I will have a Source File like this:

Vendor No Type
2000001
2000050
3600002

Now in transformer i need to look up for the file and compare Vendor no in between which range it falls, and then assign the TYPE collumn with TYPE column of Source into the target.

Waiting for the help:)
Regards
Shiv
roy
Participant
Posts: 2598
Joined: Wed Jul 30, 2003 2:05 am
Location: Israel

Post by roy »

Hi,
server post in parallel forum? I hope it's not one you already posted in the server forum!

use search it was covered comprehensivle before (even I had a say regarding this in 1 occasion at least)

Good Luck,
Roy R.
Time is money but when you don't have money time is all you can afford.

Search before posting:)

Join the DataStagers team effort at:
http://www.worldcommunitygrid.org
Image
ArndW
Participant
Posts: 16318
Joined: Tue Nov 16, 2004 9:08 am
Location: Germany
Contact:

Post by ArndW »

Hello Shiv,

have you tried to use the "search" functionality using "lookup range"? There are a number of threads that directly and indirectly apply to the kind of lookup that you are trying to do.

As is usual in DS, there are numerous ways of solving this type of lookup; none of which will work efficiently for all users.

If your dataset for the "Type" lookups isn't huge, then I would most likely write a DS-Job that takes this file and creates a hash file with one record for each entry in the range, with the key being the actual "Vendor" and the value being "Type". Then I would use this file as a hash memory file lookup in the main job. This is just one way to approach the problem, it creates a file overhead but is quite efficient for large volumes on Vendor source file.

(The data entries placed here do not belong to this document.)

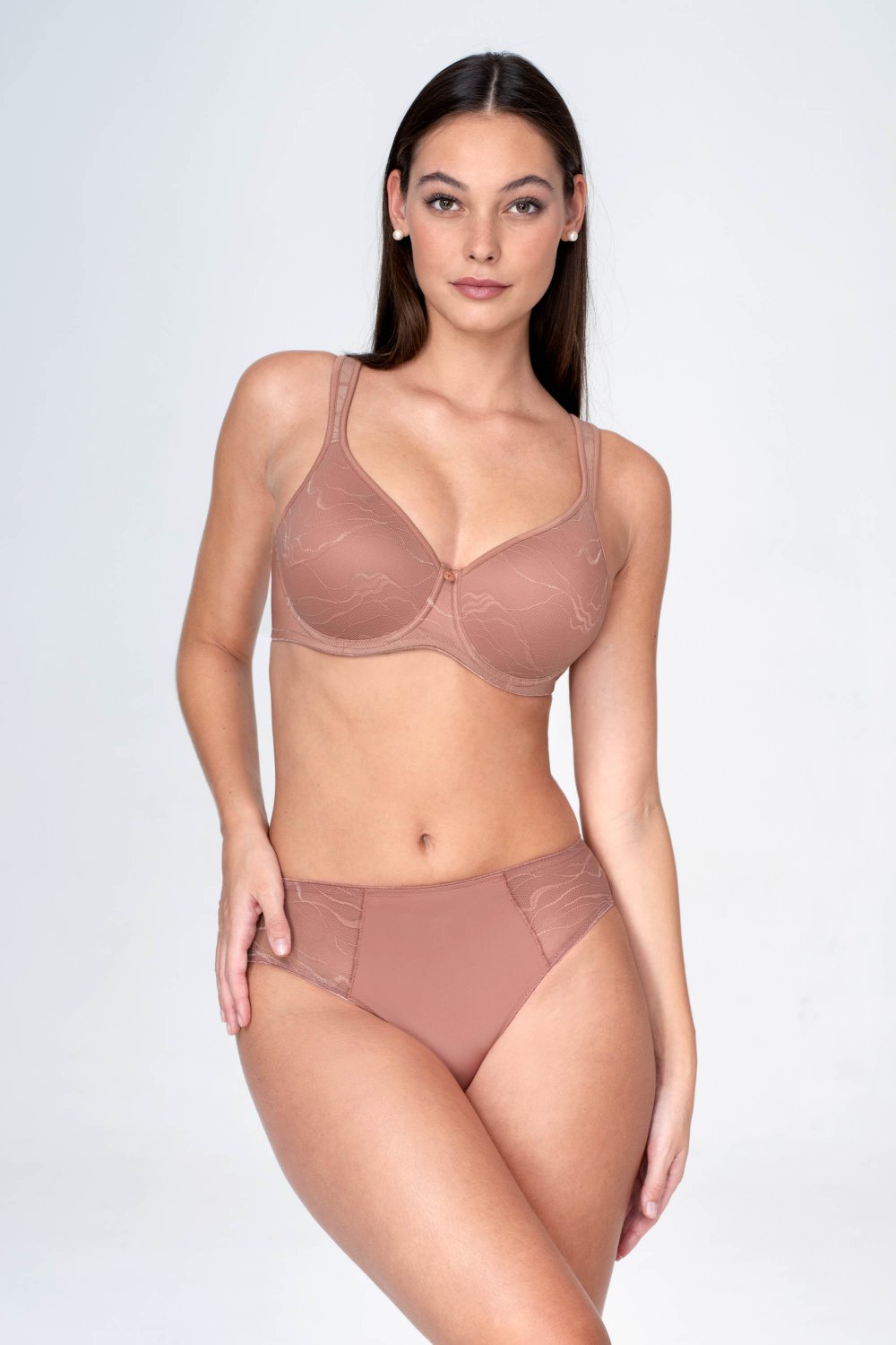 V kolekcii Flow s jemným motívom rozviatych vĺn nemôže chýbať naša najpredávanejšia podprsenka v strihu DreamBra. Tento strih je ideálny predovšetkým pre väčšie prsia. Vďaka ľahkej výstuži poprsie nezväčšuje, ale dodá im pevný okrúhly tvar. Širšie ramienka sa nezarezávajú ani po celodennom nosení, vysoký stred drží prsia na mieste. Po obvode je podprsenka pevná, ale pružná.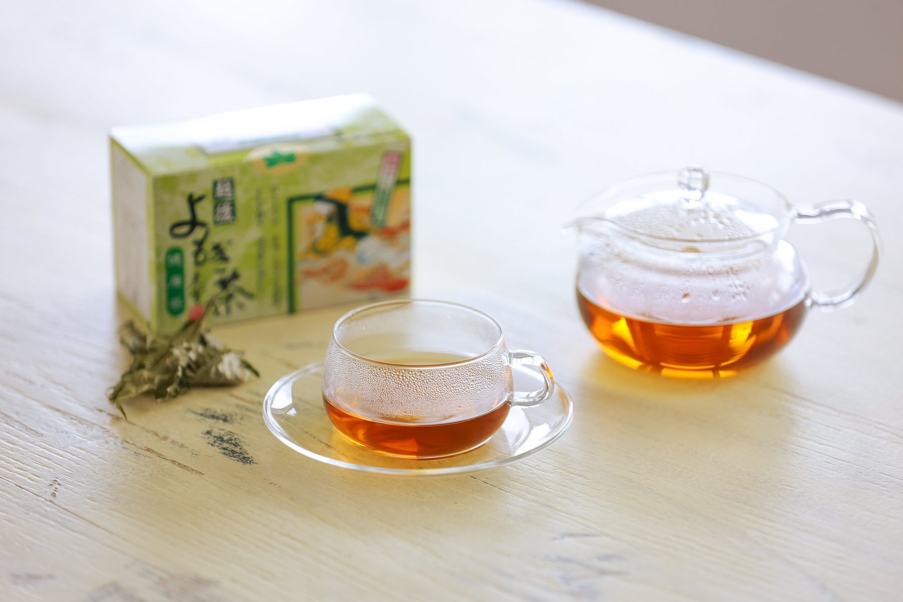 特長:新潟県産よもぎ100%、ノンカフェイン・香料無添加、胎内高原の超軟水使用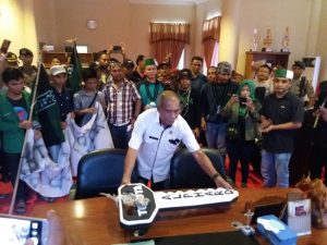 BOLMONG– Puluhan aktivis Himpunan Mahasiswa Islam (HMI) Cabang Bolaang Mongondow Raya (BMR) menggelar aksi damai di kantor DPRD Bolmong, Rabu (6/12/2017).
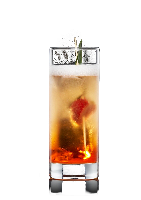 Den Aperol über zwei bis drei Eiswürfel in ein Longdrinkglas gießen. Das Glas mit Champagner auffüllen.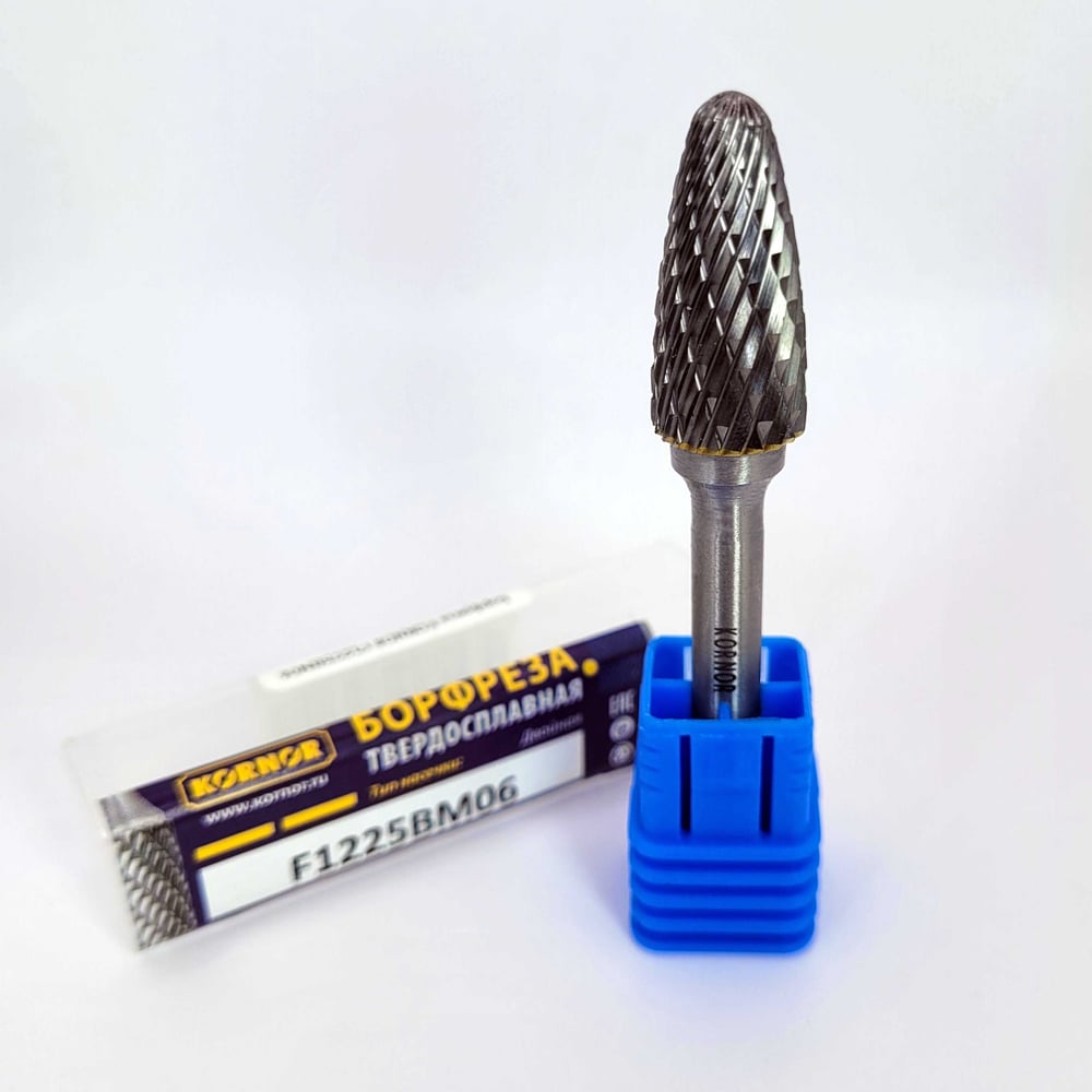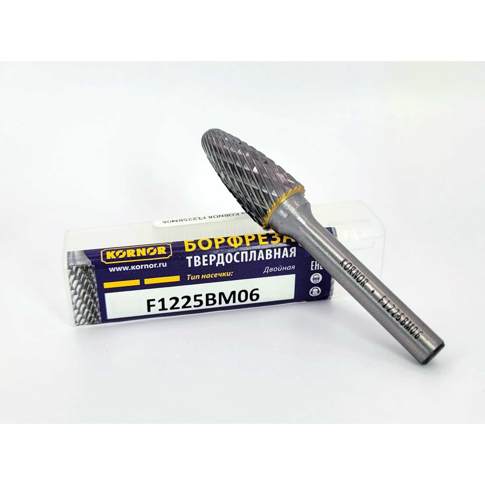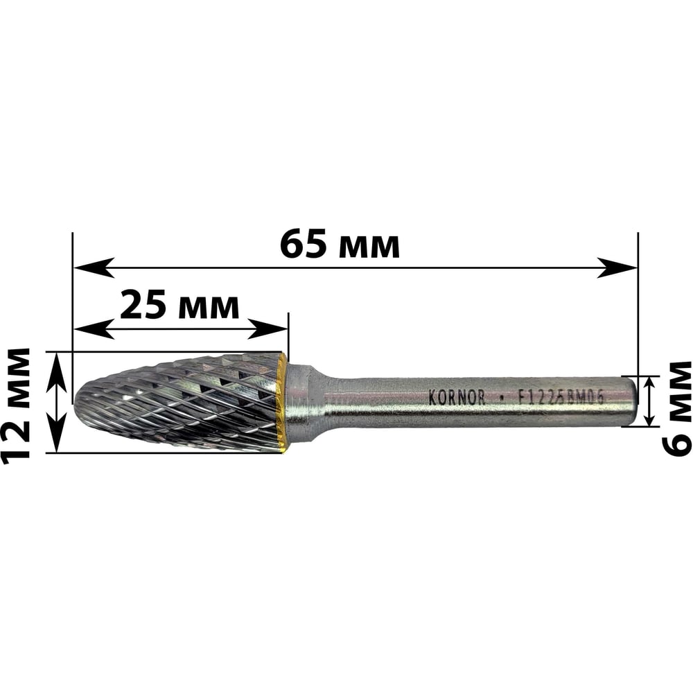 Борфреза гиперболическая со сферическим торцом (тип F; 12х25 мм; хвостовик 6 мм) KORNOR 362122506

I am sure that others will post other solutions...
shiv_nm
Participant
Posts: 13
Joined: Thu Sep 09, 2004 11:23 pm
Location: Bangalore
Contact:

Post by shiv_nm »

HI,
Thanks for your kind Reply.
my problem is when i have a look file with these two columns and source file with one Vendor no, i have to do comparison that in between which range it falls, if it falls in between 2000000 2009999
then i have to assign the TYPE field as SAP.

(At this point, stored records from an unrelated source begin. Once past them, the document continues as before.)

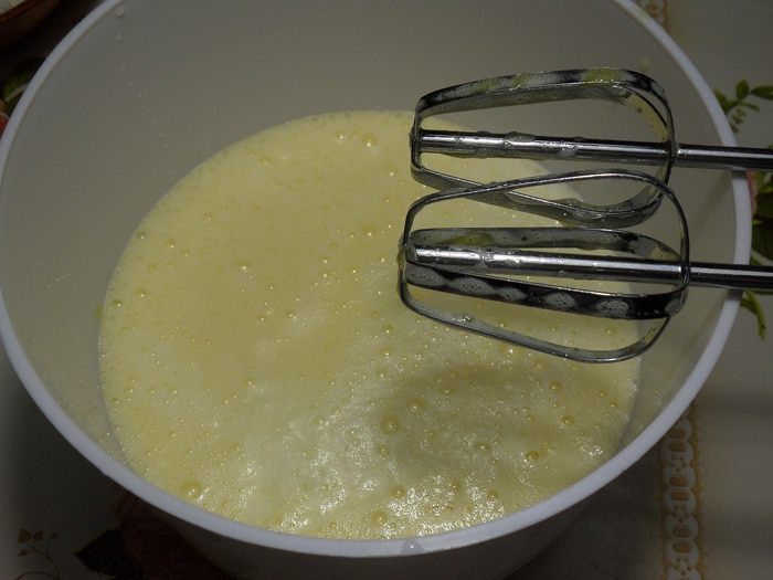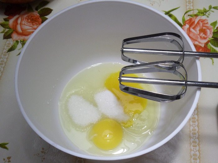 В чашу разбиваем куриные яйца. Добавляем соль и сахар. Взбиваем миксером.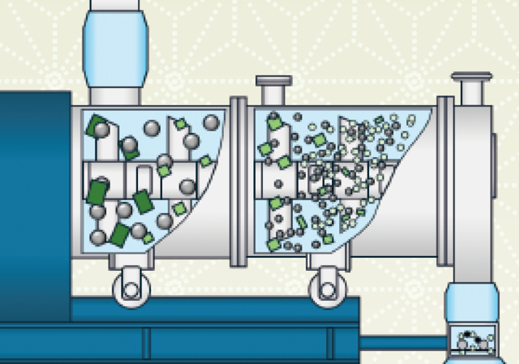ツインタンクで粗粉砕と微粉砕をひとつのタンクで通常は同一サイズのボールを用いて粉砕しますが、粗粉砕と微粉砕を同時に行うツインタンク仕様で2種類のサイズのボールを用いて粉砕が可能です。これにより幅広い品種茶葉を1台の粉砕機で処理することができます。
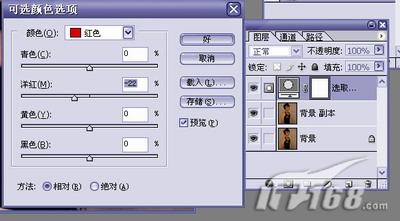 首先,我们把背景层拖到图层面板右下角的“新建图层”处,复制一个背景图层,然后,打开“创建新的填充或调整图层”中间的“可选颜色选项”,如图1所示: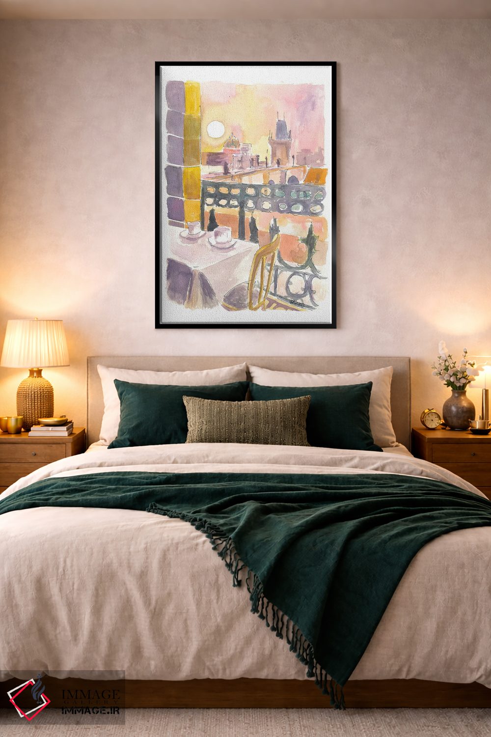 برای خانههایی که به زیباییِ آرام علاقه دارند، «"میز کافه در پراگ جمهوری چک با نمای پل کارلوف"» اثرِ «مارکوس و مارتینا بلیشنر» در کنار مبلمان، خوشنشین و هماهنگ مینشیند؛ برای محیطهای کاری و استودیوهای خلاق پیشنهاد میشود. جزئیاتش نزدیکِ کار هم ارزش نگاه دارد.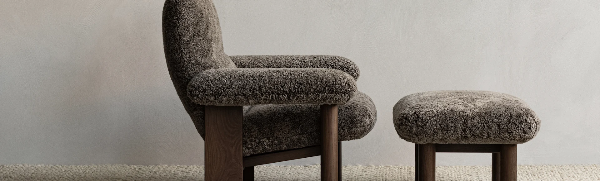 Swedese tillverkar nordiska trä fåtöljer med fårskinn. Det är en tidlös design där de har kombinerat naturens material med ett fantastiskt hantverk. Till dessa finns tillhörande fotpallar för att skapa den kompletta sittplatsen.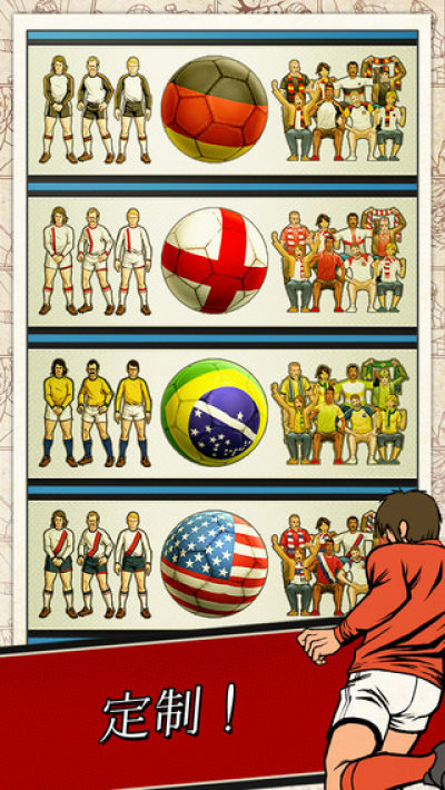 游戏画风精细复古,人墙队员都是纸片状移动,穿着打扮则是60年代世界杯的漫画感觉。游戏提供4种模式:教学、练习、技巧挑战以及双人同机竞赛。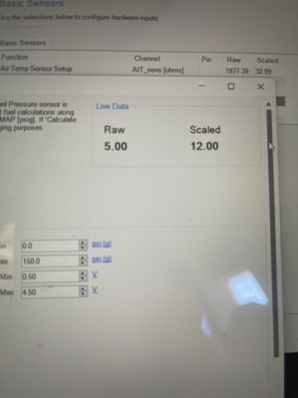So, I went over the wiring and redid the harness to the Aux plug and now the reading is sitting at for a raw valve is 0.46 but still shows 12 psi. is that cause the power its seeing its out of range lie you said for the 5.00 raw valve?

Now my question is when u double click on transformer you will get two windows right with target details and left with source and look up details.
Left side i need to map source key field to lookup file key field right?
If at all i map to two fields there can i put any condition there? to compare in between two fields?

Do help me
Shiv



ArndW wrote:Hello Shiv,

have you tried to use the "search" functionality using "lookup range"? There are a number of threads that directly and indirectly apply to the kind of lookup that you are trying to do.

As is usual in DS, there are numerous ways of solving this type of lookup; none of which will work efficiently for all users.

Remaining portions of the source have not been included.